Department: Medical Review Services
Location:

About iMPROve Health

Come join the iMPROve Health team! iMPROve Health is Michigan’s Medicare-designated Quality Improvement Organization. We are both a Cool Place to Work (Crain’s Detroit Business) for the last 4 years and one of the Best Places to Work in Healthcare as judged by Modern Healthcare. As a nonprofit organization, we have more than 35 years’ experience improving healthcare across the continuum of care using evidence-based and data-driven logic. iMPROve Health provides medical consulting and review, as well as data analysis to federal agencies, state Medicaid and public health organizations, healthcare facilities, private health plans and other third-party payers. We also have extensive experience completing thoughtful and impartial utilization review, dispute resolution and peer reviews. Our goal is simple – to help healthcare get better!

This position is 100% remote and provides the opportunity to work virtually with team members from anywhere within the United States. We pride ourselves on providing a great work/life balance for employees, while also providing the ability to promote their career development and gain new skills through employee education opportunities. iMPROve Health offers a wonderful benefit package that includes medical, dental, vision, life insurance, short term and long-term disability, and a generous 401k match.

iMPROve Health is committed to improving the quality, safety, and efficiency of healthcare. Although we do not see patients, we are healthcare professionals (including physicians and nurses) and consultants who work with healthcare providers to promote the adoption and use of evidence-based best practices and processes to achieve our healthcare quality goals. Our services offer our clients and partners access to a proven, impartial, connected resource that understands the intricacies of healthcare. It is our #1 priority to provide thoughtful evidence-based strategies and solutions that help them achieve their healthcare quality improvement goals and outcomes.
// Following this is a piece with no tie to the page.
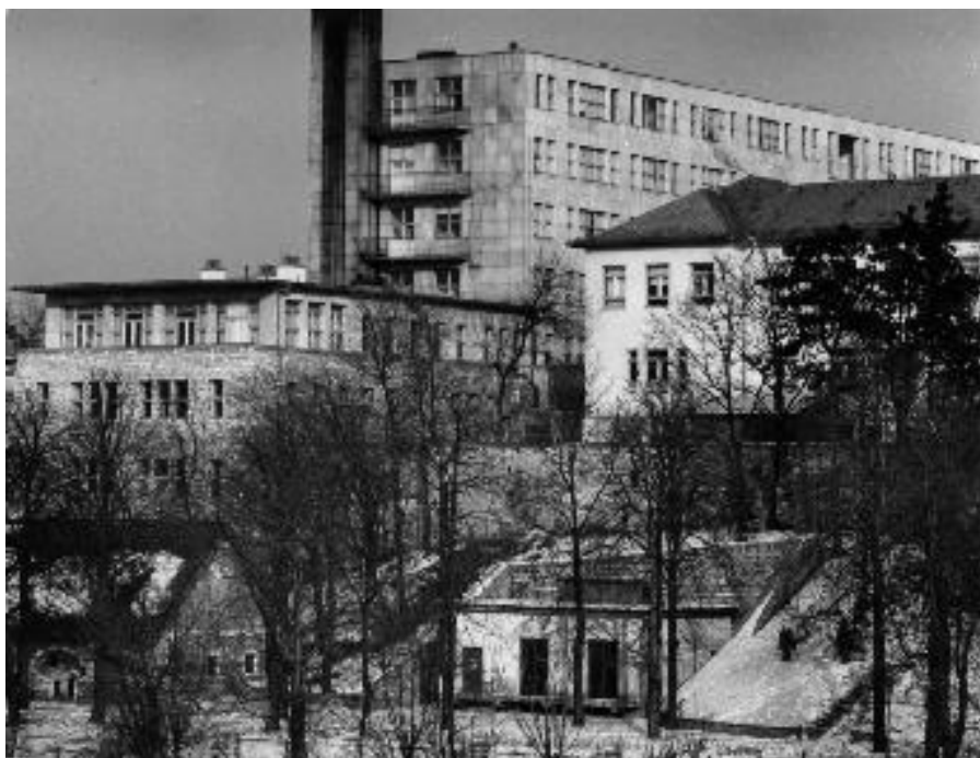
LDM Fotótár 68.7.13. Bakonyi ház 1967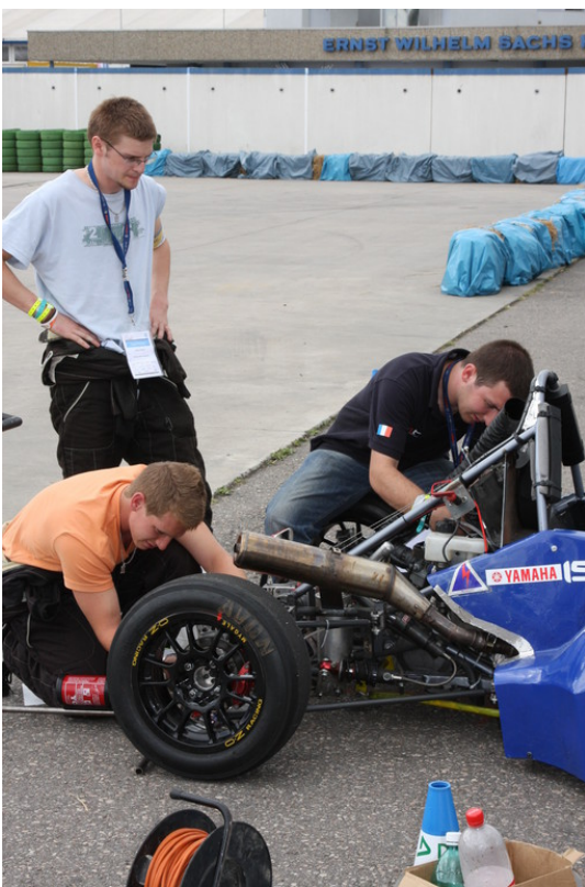
Formula Student Germany 2013. Formula Student Germany 2013.

*Must be able to work M-F normal business hours in EST.

**All work must be performed within the United States.

SUMMARY:

The Healthcare Arbitrator will collaborate with the Federal Independent Dispute Resolution Entity (IDRE) team to deliver impartial decisions in accordance with the No Surprises Act (NSA), federal guidance for certified entities, and specified quality standards. The Arbitrator will be responsible for applying baseball-style arbitration to issue fair, impartial, and timely written resolutions for a large volume of disputes.

DUTIES AND RESPONSIBILITIES:

  • Make fair and unbiased final payment determinations: Implement iMPROve Health guidelines, the NSA, and guidance published by the Departments of the Treasury, Labor, and Health and Human Services (collectively, the Departments) to make impartial, concise, and well-informed final payment decisions.
  • Conduct case reviews and final payment determinations: Apply in-depth knowledge of the NSA and its implementing regulations to thoroughly review and analyze cases and determine final payments using baseball-style arbitration, ensuring compliance with all relevant regulations and standards.
  • Identify opportunities for process improvement: Collaborate with the Arbitration Program Manager and IDRE team to continuously identify and implement opportunities for process improvement, with a focus on increasing the volume of high-quality payment determinations.
  • Stay updated on regulatory requirements: Maintain up-to-date knowledge of all regulations, and proposed rule changes impacting decision-making for certified Federal IDREs, ensuring that all payment determinations are made in compliance with the latest guidelines and regulatory changes.
  • Ensure compliance with the NSA requirements: Adhere to the standards for certifying IDREs as outlined in 45 CFR Part 149 and the parallel provisions governing the Federal IDR Process applicable to all payment disputes. Follow procedures for resolving eligible out-of-network payment disputes to ensure timely final payment determinations.
  • Collaborate with medical and legal professionals: Work closely with iMPROve Health’s pool of medical and legal professionals, leveraging their expertise to enhance the quality and accuracy of payment determinations.
  • Adhere to all relevant compliance regulations: Ensure compliance with regulations including but not limited to HIPAA, FISMA, URAC, and CMS, maintaining the highest standards of privacy, confidentiality and security.
  • Perform other duties as assigned: Take on additional responsibilities as needed to support the team and organization.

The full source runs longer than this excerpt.